L'Echo de la Fabrique : 10 juin 1832 - Numéro 33

ÉVÉNEMENS DE PARIS.1

[8.1]D’affreux malheurs ont affligé la capitale, et pendant trois jours la guerre civile en a fait un horrible champ de bataille.

L’ordre est rétabli et règne de nouveau dans Paris ; mais hélas ! à quel prix !

La loi nous interdit toute dissertation politique, et nous ne pouvons donc développer, dans cette feuille, notre opinion sur ce que ce mélancolique événement offre de politique ; mais nous pouvons, nous devons même témoigner notre profonde douleur.

Que les partis qui ne se désignent réciproquement que par les épithètes les plus révoltantes, se réjouissent ou se maudissent, nous qui sommes travailleurs, nous pleurons et déplorons ; car le sang une fois versé n’a plus la couleur des partis ! c’est du sang français, d’hommes dévoués et capables de grandes choses. Les lâches, les gens payés ne se battent pas ainsi !

Peuple ! peuple ! toujours du sang, et du plus pur, du plus généreux, du sang de jeunes hommes entraînés vers une chimère, ou poussés par des misérables qui n’ont d’espoir et d’avenir que dans les calamités publiques, et qui dans l’ombre fuient le danger qu’ils ont soulevé.

Que la vengeance humaine et divine tombe sur ces monstres ! mais qu’elle les cherche et les frappe aussi bien dans les hôtels, que dans les mansardes ou l’atelier, aussi bien sous l’habit brodés du pair de France que sous la blouse du prolétaire.

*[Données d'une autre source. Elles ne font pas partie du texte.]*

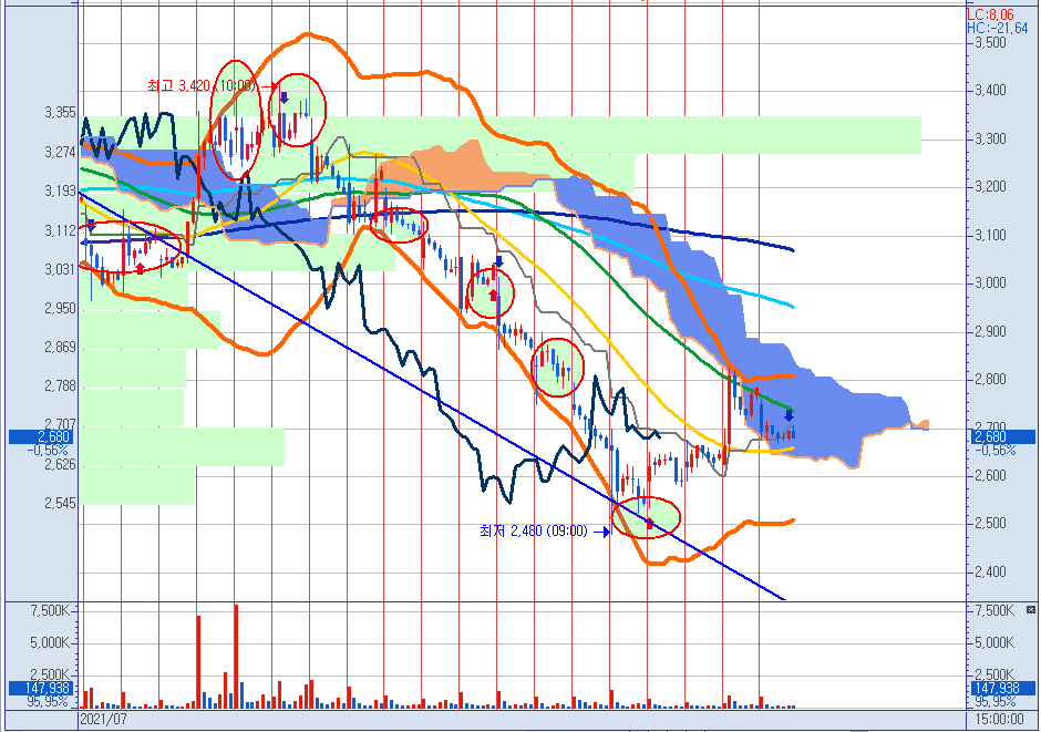 구름대의 저항을 받고 다시 전 저점까지 내려오는 흐름이 예상됩니다.

Paris, 7 juin. – La tranquillité est parfaite ; les magasins, les ateliers, les chantiers, les marchés, les galeries, les passages sont ouverts comme à l’ordinaire. Les ouvriers s’occupent avec activité à réparer les rues où des barricades avaient été élevées. La circulation des voitures est rétablie. Paris offre l’aspect le plus satisfaisant.
(Nouvelliste.)

Notes de base de page numériques:

1 Les funérailles du général Lamarque furent l’occasion d’une grande insurrection à Paris les 5 et 6 juin 1832. Le marasme économique, l’épidémie de choléra, la mort de Casimir Périer faisaient entrevoir, en particulier aux républicains, la possibilité de bousculer le fragile régime orléaniste. Mais devant le soulèvement populaire les différentes fractions républicaines demeurèrent indécises et inertes et l’insurrection se solda par une défaite complète, le régime de Juillet en sortant victorieux et définitivement renforcé. Le caractère de « tournant » qu’a eu cet épisode de juin 1832 dans l’histoire du régime de Juillet est parfaitement défini par exemple par P. Thureau-Dangin : « En cette soirée du 6 juin, les amis de la Monarchie jouissaient d’autant plus de leur victoire qu’ils en avaient douté. […] tous les témoignages contemporains révèlent qu’on eu grand’-peur ; l’impression générale fut que la Monarchie courait un réel danger », P. Thureau-Dangin, Histoire de la Monarchie de Juillet, tome 2, Paris, Plon, 1888, p. 135.